The game held an aggregate review score of 80% on GameRankings based on five reviews. Upon release in Japan, Famitsu gave the game a score of 30 out of 40, while it received a perfect score of 10 out of 10 in their Reader Cross Review. In Japanese polls of all-time favorite Super Famicom games, Lufia II was consistently voted one of the top five between 1995 and 1996. The game sold 60,254 cartridges in Japan.

Upon release in North America, three GameFan reviewers each scored it 90 out of 100; all three praised the storyline, puzzles, dungeons, graphics, and soundtrack. GamePro praised the game's heavy puzzle element, but criticized that the battles are easy, the graphics are subpar, and the music and sound effects are boringly generic. He concluded that the game is unexceptional, and in particular pales against the recently released Super Mario RPG, but makes a decent holdover for gamers waiting for the next great RPG.
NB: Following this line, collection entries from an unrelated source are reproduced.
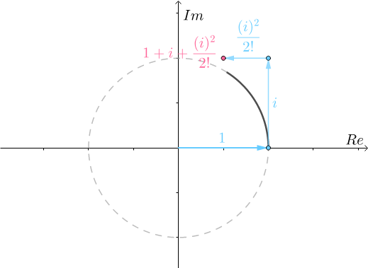 \[\begin{aligned} e^{i\theta} & = 1 + i\theta + \frac{(i\theta)^2}{2!} + \frac{(i\theta)^3}{3!} + \frac{(i\theta)^4}{4!} + \frac{(i\theta)^5}{5!} + \frac{(i\theta)^6}{6!} + \frac{(i\theta)^7}{7!} + \frac{(i\theta)^8}{8!} + \cdots \\ & = 1 + i\theta - \frac{\theta^2}{2!} - \frac{i\theta^3}{3!} + \frac{\theta^4}{4!} + \frac{i\theta^5}{5!} - \frac{\theta^6}{6!} - \frac{i\theta^7}{7!} + \frac{\theta^8}{8!} + \cdots \\ & = \left( 1 - \frac{\theta^2}{2!} + \frac{\theta^4}{4!} - \frac{\theta^6}{6!} + \frac{\theta^8}{8!} - \cdots \right) + i\left(\theta-\frac{\theta^3}{3!} + \frac{\theta^5}{5!} - \frac{\theta^7}{7!} + \cdots \right) \\ &=\cos\theta + i\sin\theta \end{aligned}\]这也有漂亮的几何意义,看看 $e^i$ 的前三项:
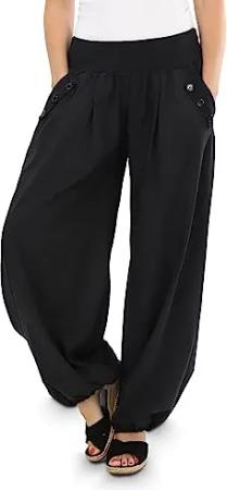 Malito - Damen Pumphose - luftige Stoffhose für Strand & Alltag - lockere Pluderhose für den Sommer - lässige Sommerhose Freizeithose 23245P (34-40 schwarz)
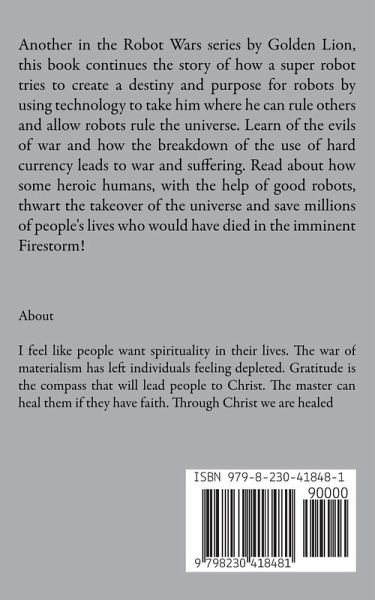Another in the Robot Wars series by Golden Lion, this book continues the story of how a super robot tries to create a destiny and purpose for robots by using technology to take him where he can rule others and allow robots rule the universe. Learn of the evils of war and how the breakdown of the use of hard currency leads to war and suffering. Read about how some heroic humans, with the help of good robots, thwart the takeover of the universe and save millions of people's lives who would have died in the imminent Firestorm!
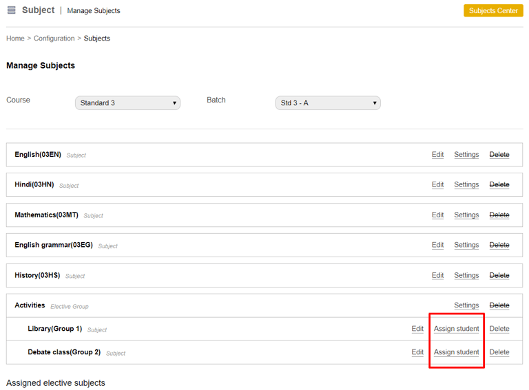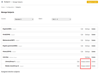 3. Assign the batch students as per the subjects you made by clicking the ‘assign student’ option on right side of the row. In next page you will get option to assign the students to current subject.
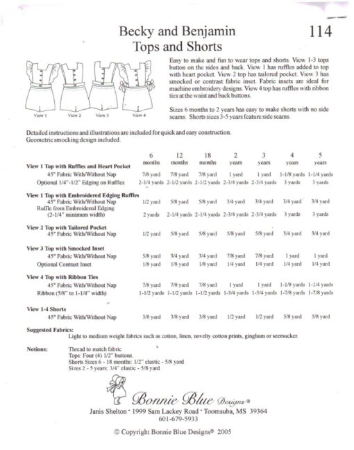 Bonnie Blue Designs 114 Becky & Menjamin Tops & Shorts Size: 6-12-18Mo and 2-3-4-5 Uncut Sewing Pattern

Retrospectively, Corbie Dillard of Nintendo Life praised the "unique visual stylings, the efficient turn-based combat system and the beautifully orchestrated soundtrack", and called it one of the best RPG games for Super Nintendo console. IGN ranked Lufia II: Rise of the Sinistrals 34th on their "Top 100 SNES Games of All Time".

Aggregate score
| Aggregator | Score |
|---|---|
| GameRankings | 80% |

Review scores
| Publication | Score |
|---|---|
| Famitsu | 30/40 10/10 |
| GameFan | 270/300 |
| Nintendo Life | 9/10 |
| RPGamer | 4/5 |
| RPGFan | 85% |

==Nintendo DS remake==

An action-RPG remake of Lufia II for the Nintendo DS was developed by Neverland, with much of the staff of Lufia II involved in the project, and released in 2010. As in the original game, it features dungeons that focus heavily on puzzle-solving, but unlike the original, the gameplay is now oriented towards action, with the player controlling Maxim directly in battle and switching between characters by tapping his or her portrait on the bottom screen. The story also differs heavily in many points and received several additions.